** WHAT IS NEEDED **
Make an exact copy of the records, omitting all images.

"""

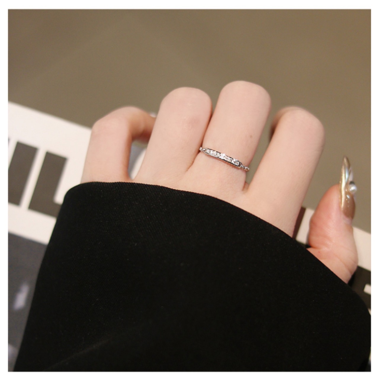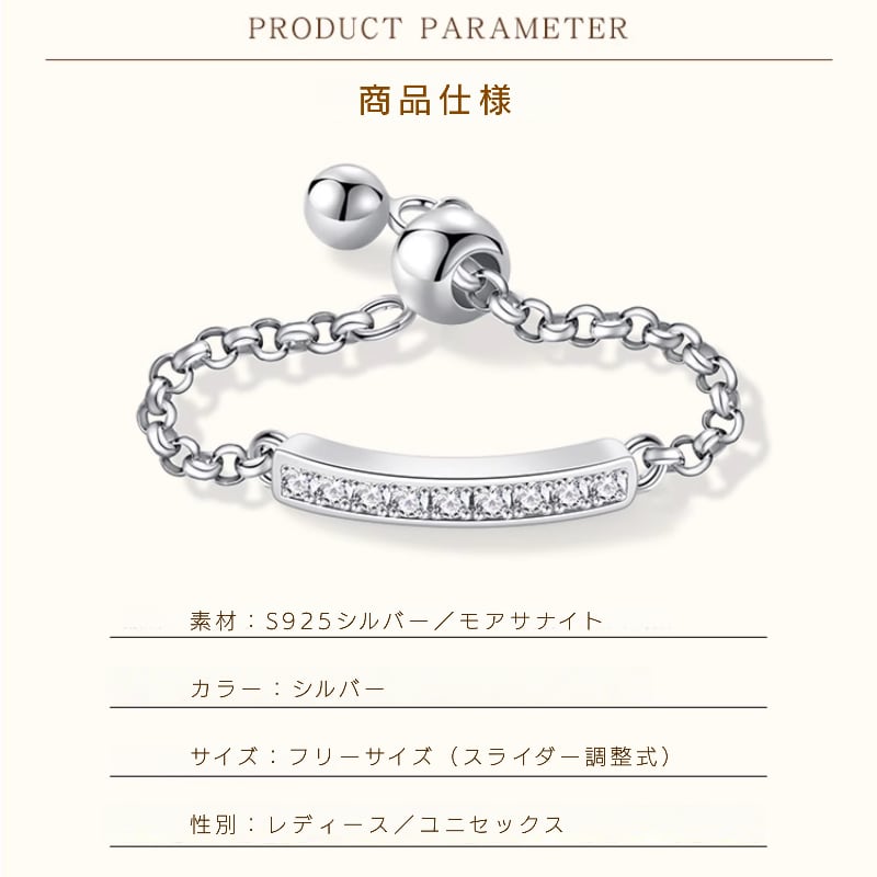 チェーンタイプなので指に自然に馴染み、長時間着用しても快適。
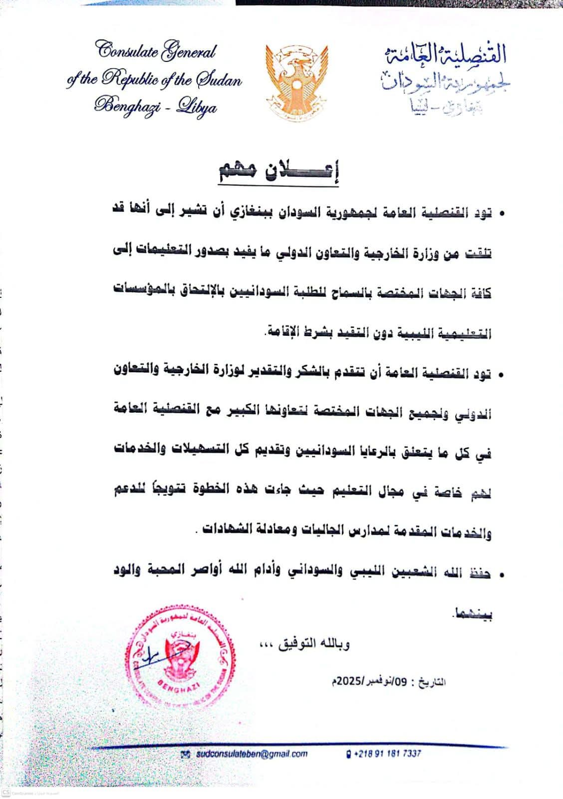 ويأتي هذا القرار كتسهيل رسمي للطلاب السودانيين المقيمين في ليبيا والراغبين في مواصلة تعليمهم في المدارس والجامعات والمعاهد، بعد فترة من العقبات المتعلقة بإجراءات القبول والمتطلبات الإدارية.
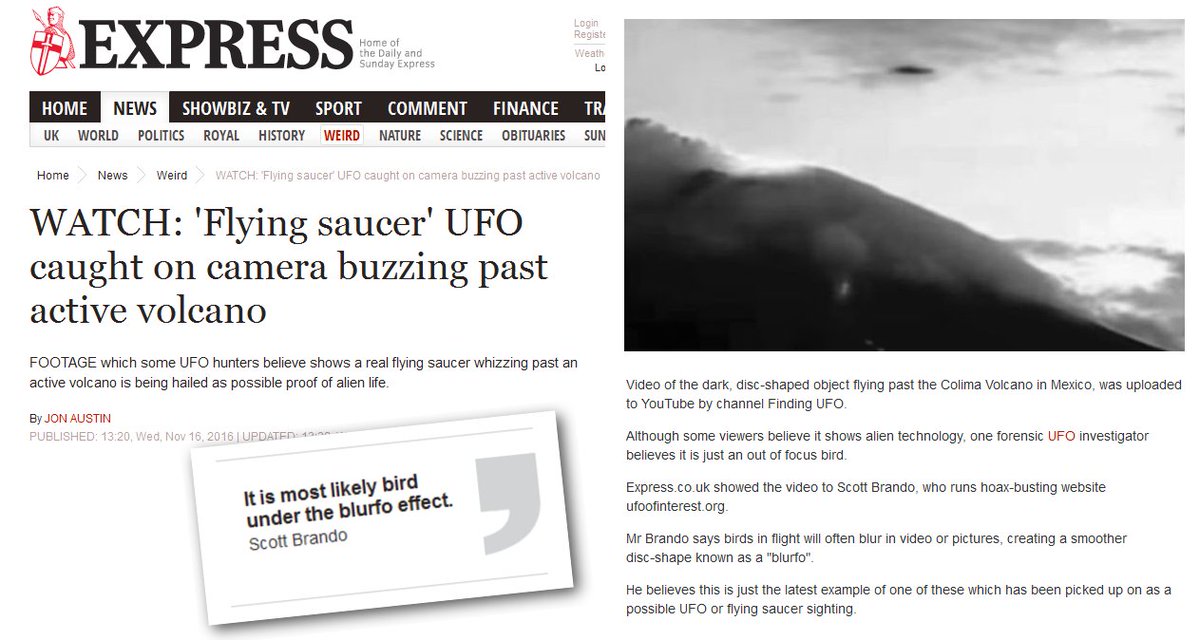 #UFO flying near#Colima volcano#Mexico. Seriously? My possible explanation shared on@Daily_Expresshttp://www.express.co.uk/news/weird/732965/Flying-saucer-UFO-video-Colima-Volcano-Mexico … -
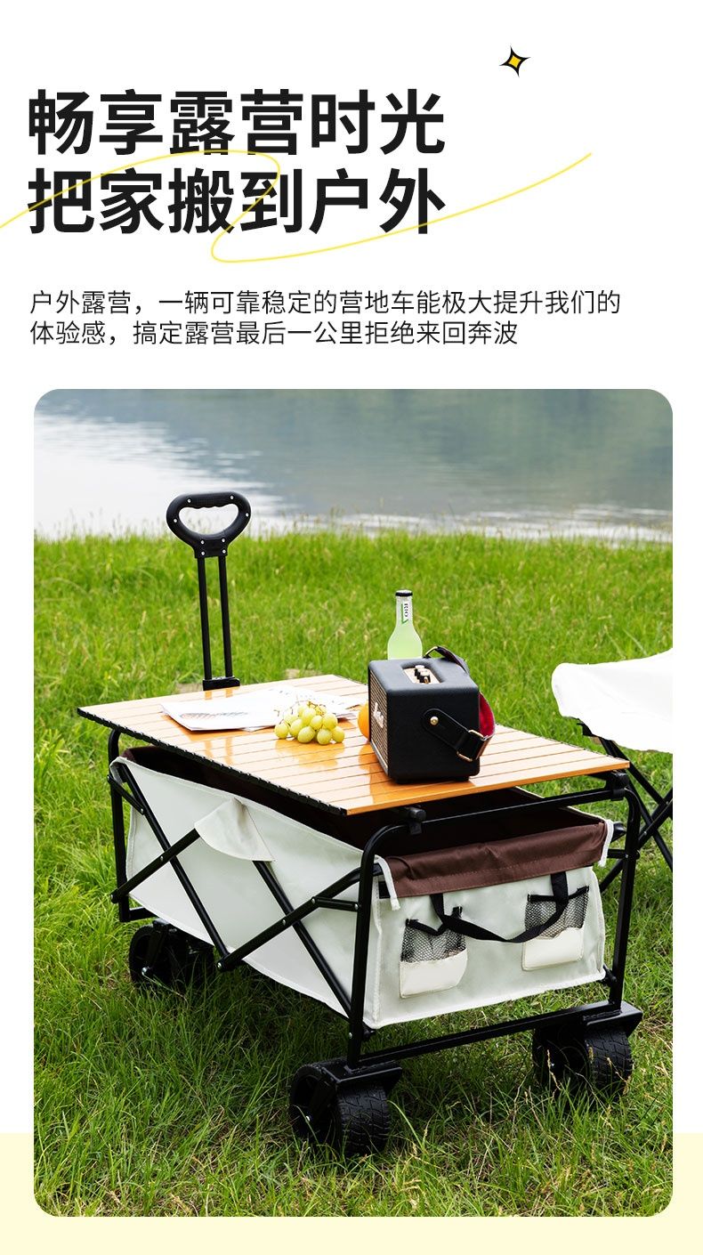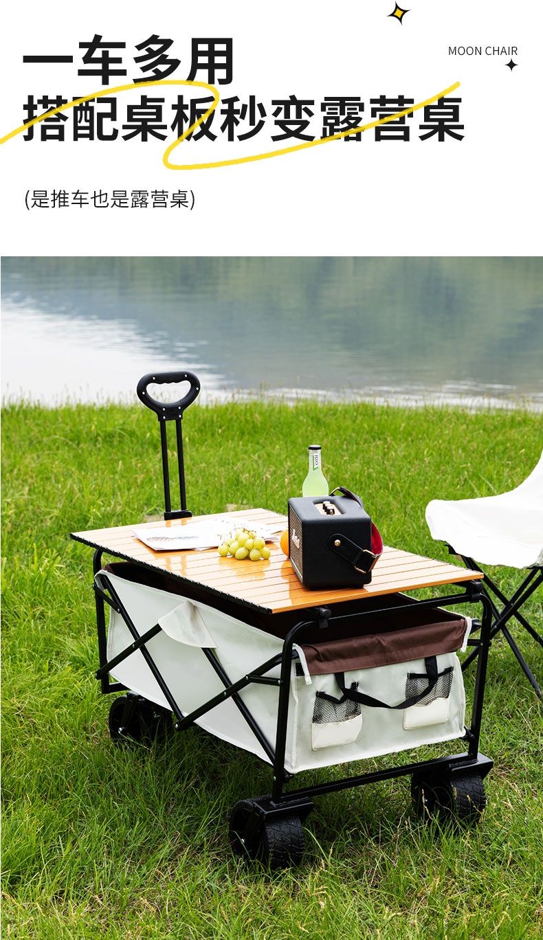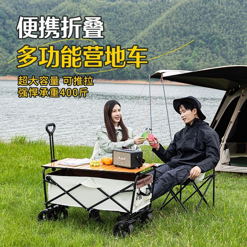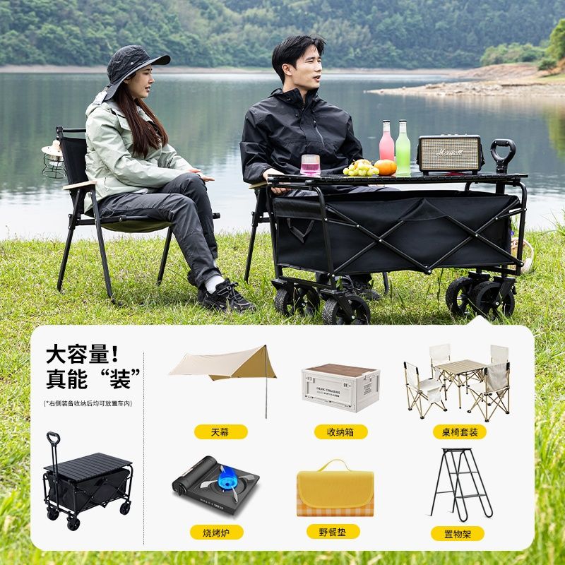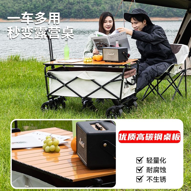 露营车户外可折叠营地车野餐野营车桌板拖车手拉杆摆摊露营小推车
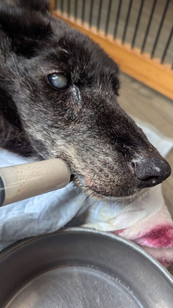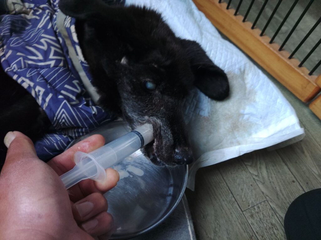 ミックスちびちゃんは口が開かなくて流動食を飲ませました

"""

** SOLUTION TO THIS EXERCISE **
 チェーンタイプなので指に自然に馴染み、長時間着用しても快適。
 ويأتي هذا القرار كتسهيل رسمي للطلاب السودانيين المقيمين في ليبيا والراغبين في مواصلة تعليمهم في المدارس والجامعات والمعاهد، بعد فترة من العقبات المتعلقة بإجراءات القبول والمتطلبات الإدارية.
 #UFO flying near#Colima volcano#Mexico. Seriously? My possible explanation shared on@Daily_Expresshttp://www.express.co.uk/news/weird/732965/Flying-saucer-UFO-video-Colima-Volcano-Mexico … -
 露营车户外可折叠营地车野餐野营车桌板拖车手拉杆摆摊露营小推车
 ミックスちびちゃんは口が開かなくて流動食を飲ませました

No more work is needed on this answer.